| Data for this task |
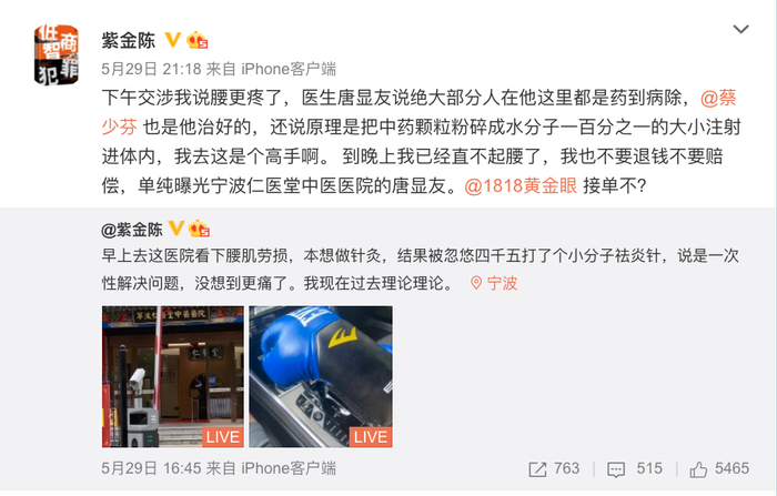 29日晚上,@紫金陈更新微博表示,下午去和医生交涉的时候,医生表示,绝大部分人在他这里都是药到病除,还说原理是把中药颗粒粉碎成水分子一百分之一的大小注射进体内。“到晚上我已经直不起腰了,我也不要退钱不要赔偿,单纯曝光宁波仁医堂中医医院的唐显友。”
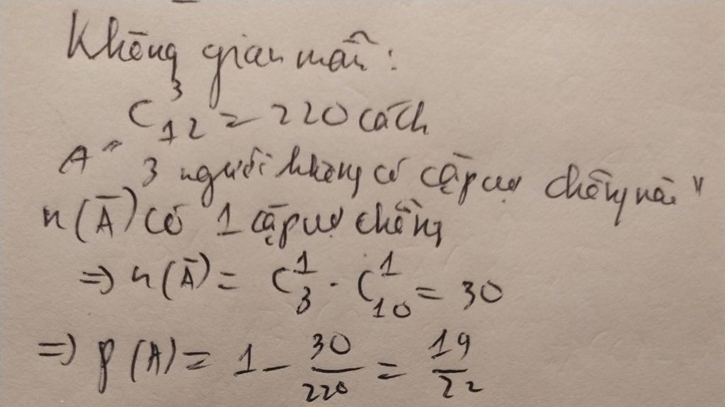Không gian mẫu là chọn 3 người từ 6 cặp nam nữ là \(C_{12}^3 = 220\) cách
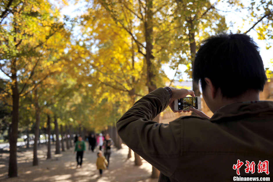 北京“银杏大道”尽赏金秋落英缤纷
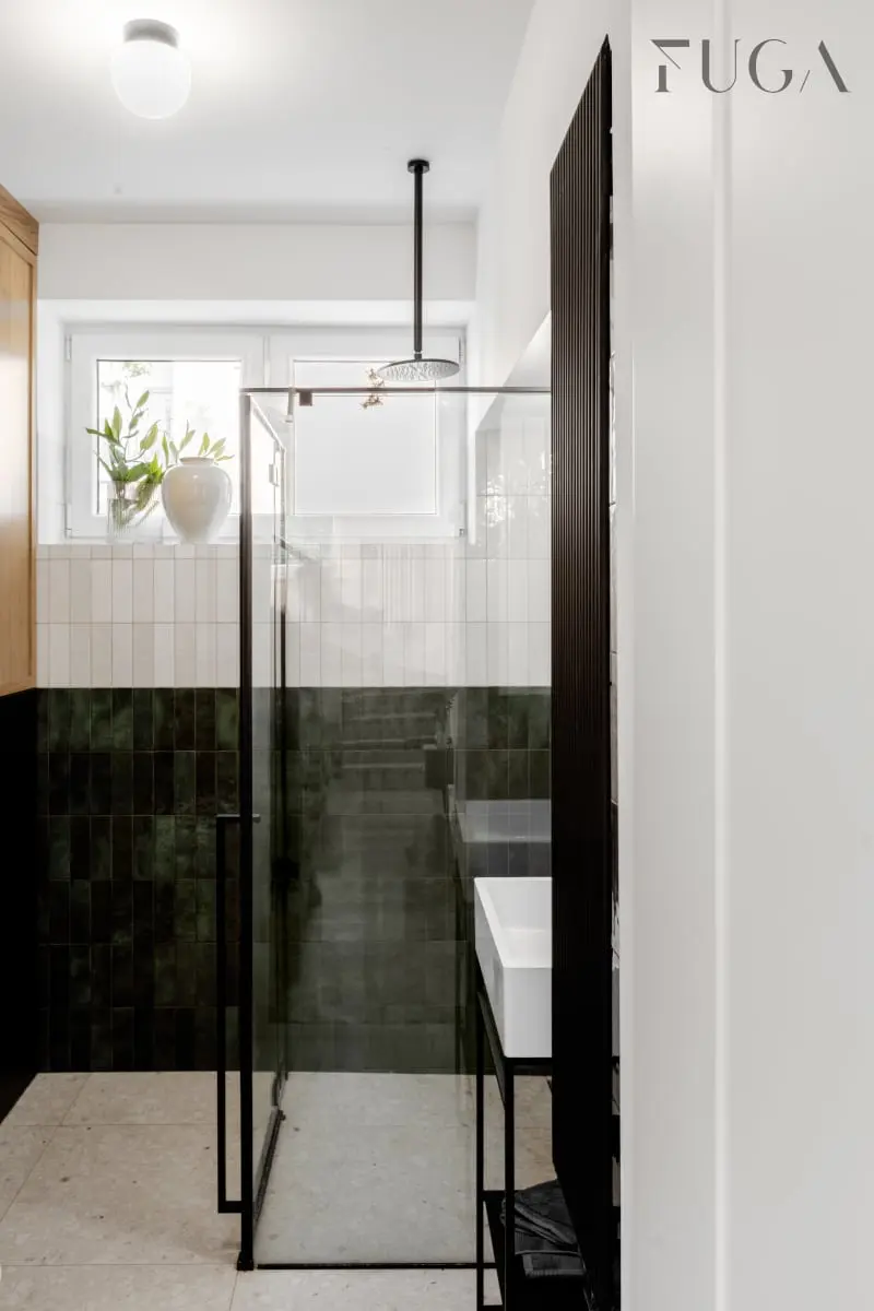 Druga łazienka to zdecydowanie miejsce na szybki prysznic. Ze względu na jej mały metraż, słusznie pojawił się tu odpływ liniowy z minimalistycznym przeszkleniem w czarnej ramie. Na ratunek przyszło też okno będące źródłem naturalnego światła oraz zgrabna kombinacja na ścianach. Do połowy znalazły się tam piękne płytki w kolorze butelkowej zieleni, drugą zajmują białe. Takie zestawienie sprawia, że wnętrze zyskało odpowiednie proporcje a przy tym jest niezwykle stylowe.
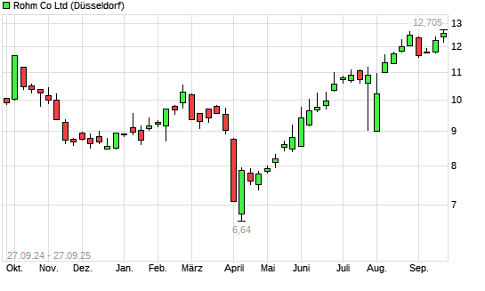 Mit dem Anstieg auf 12,69 EUR hat die Rohm-Aktie (ISIN JP3982800009) am 26.09.2025 ein neues 12-Monats-Hoch erreicht und damit den Kurs vom 28.08.2025 eingestellt.
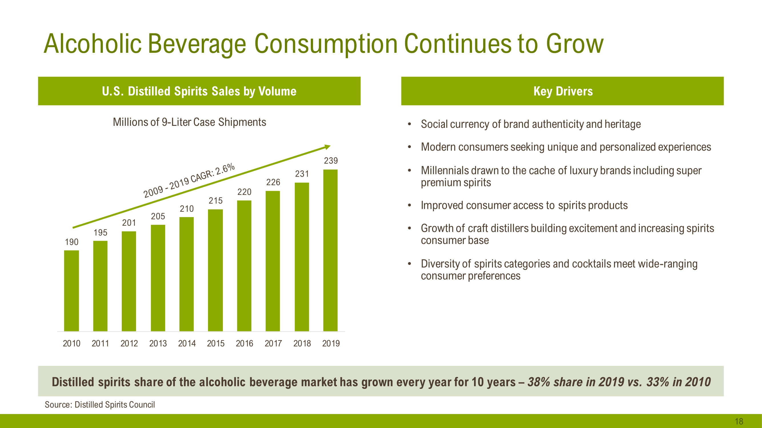 190 195 201 205 210 215 220 226 231 239 2010 2011 2012 2013 2014 2015 2016 2017 2018 2019 Alcoholic Beverage Consumption Continues to Grow 18 U.S. Distilled Spirits Sales by Volume Key Drivers • Social currency of brand authenticity and heritage • Modern consumers seeking unique and personalized experiences • Millennials drawn to the cache of luxury brands including super premium spirits • Improved consumer access to spirits products • Growth of craft distillers building excitement and increasing spirits consumer base • Diversity of spirits categories and cocktails meet wide - ranging consumer preferences Distilled spirits share of the alcoholic beverage market has grown every year for 10 years – 38% share in 2019 vs. 33% in 2010 Source: Distilled Spirits Council Millions of 9 - Liter Case Shipments
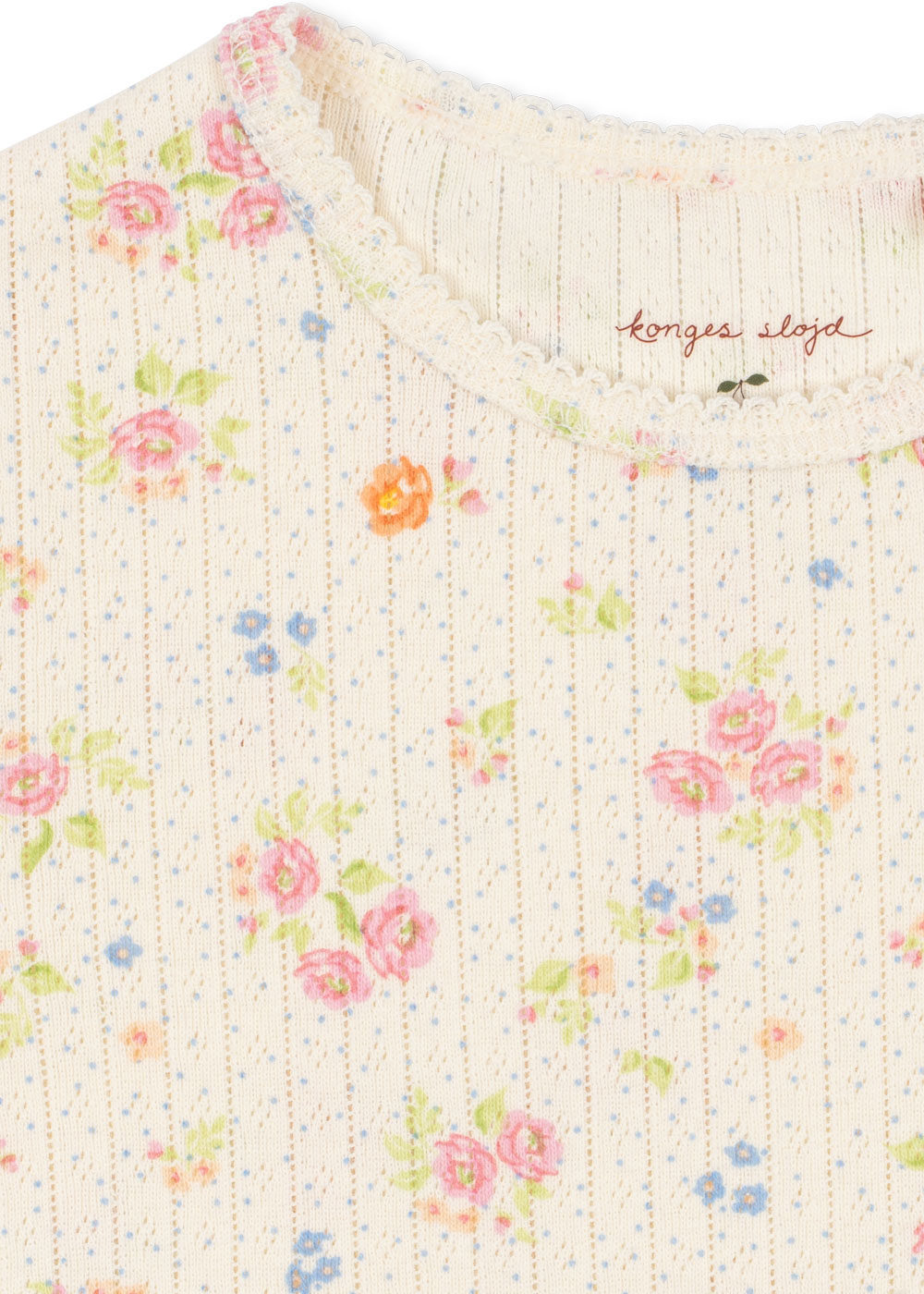 Weiches, einfaches T-Shirt aus 100% Bio-Baumwolle mit einem dekorativen Pointelle-Muster und dekorativem Picot-Saum.
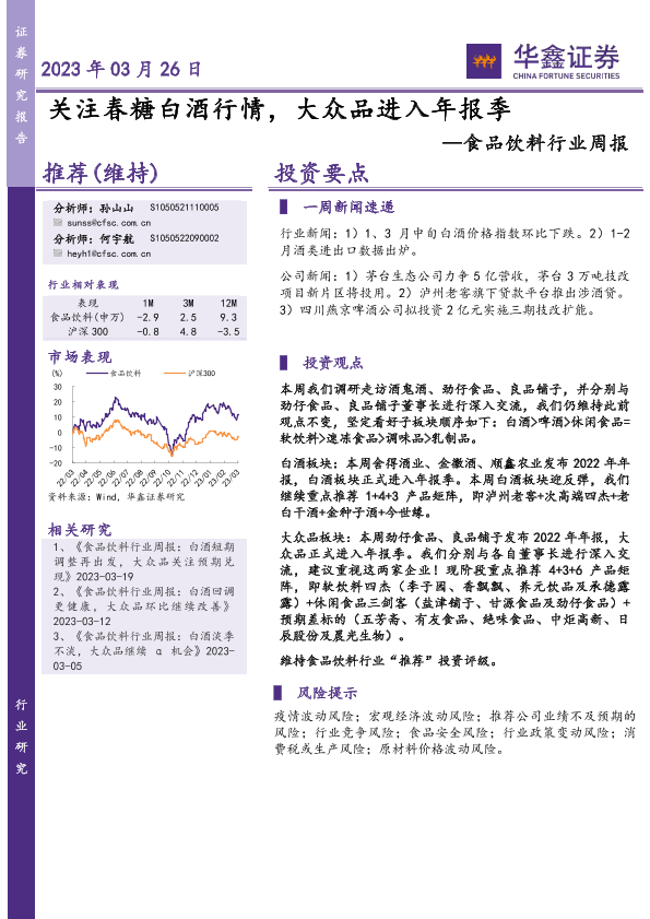【华鑫证券】【20230326】20230326-华鑫证券-食品饮料行业周报:关注春糖白酒行情,大众品进入年报季-24页
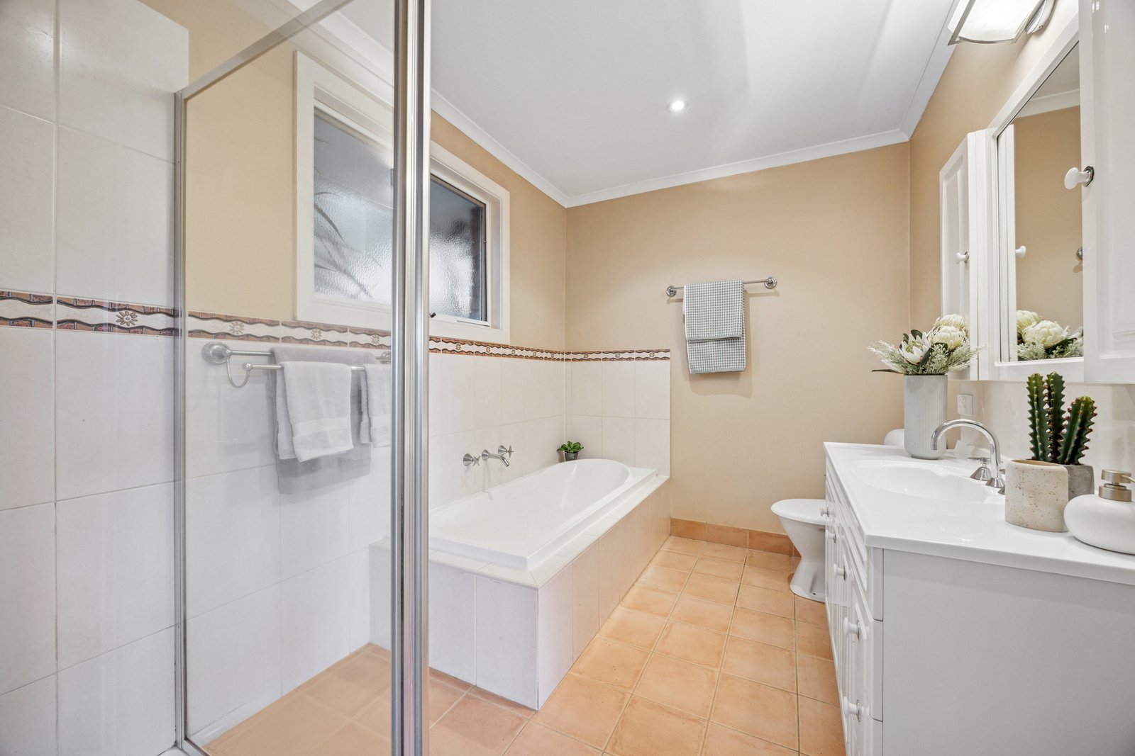 Designed for entertaining, the kitchen features European appliances, including stainless-steel Electrolux oven, and a fully plumbed outdoor entertainer’s bench. This home offers ducted heating and cooling, fan-cooled, robe-fitted bedrooms, a large separate laundry, a convenient second toilet and double garage.
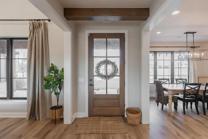 Modern luxury at its best! A must-see in Autumn Ridge. This custom-built, one-owner home is now on the market and ready for a new owner. Built in 2023, this home is like new and thoughtfully designed with high-end finishes and exceptional attention to detail throughout. Offering over 3,400 square feet of living space and a three-car garage, this property delivers both style and functionality. Situated on a corner lot backing to the neighborhood pond, the setting provides privacy, beautiful views, and a peaceful backdrop. The heart of the home is the stunning open-concept kitchen featuring a large center island, custom cabinetry, designer lighting, and seamless flow into the dining and living areas – perfect for entertaining or everyday living. This home offers five bedrooms, 4 bathrooms, including a highly desirable layout with two bedrooms on the main level and three bedrooms upstairs. Upstairs also features a bonus area ideal for a second living space, game room, home office, or playroom. Enjoy outdoor living on the covered back patio overlooking the pond, perfect for grilling, entertaining, or enjoying a quiet morning cup of coffee while watching the sunrise. Additional highlights include an oversized laundry room with ample space for storage and organization, large windows that flood the home with natural light, and thoughtful design elements throughout. Located in the highly sought-after Autumn Ridge neighborhood, this exceptional home offers modern comfort, flexible living spaces, and a scenic setting – truly a place you’ll be proud to call home.

| Exercise objective |
Extract the part of the records that opens with the line containing "Druga łazienka to" and closes with the line containing "Mit dem Anstieg". Take only those lines, exactly, and no pictures.

| Solution to this task |
 Druga łazienka to zdecydowanie miejsce na szybki prysznic. Ze względu na jej mały metraż, słusznie pojawił się tu odpływ liniowy z minimalistycznym przeszkleniem w czarnej ramie. Na ratunek przyszło też okno będące źródłem naturalnego światła oraz zgrabna kombinacja na ścianach. Do połowy znalazły się tam piękne płytki w kolorze butelkowej zieleni, drugą zajmują białe. Takie zestawienie sprawia, że wnętrze zyskało odpowiednie proporcje a przy tym jest niezwykle stylowe.
 Mit dem Anstieg auf 12,69 EUR hat die Rohm-Aktie (ISIN JP3982800009) am 26.09.2025 ein neues 12-Monats-Hoch erreicht und damit den Kurs vom 28.08.2025 eingestellt.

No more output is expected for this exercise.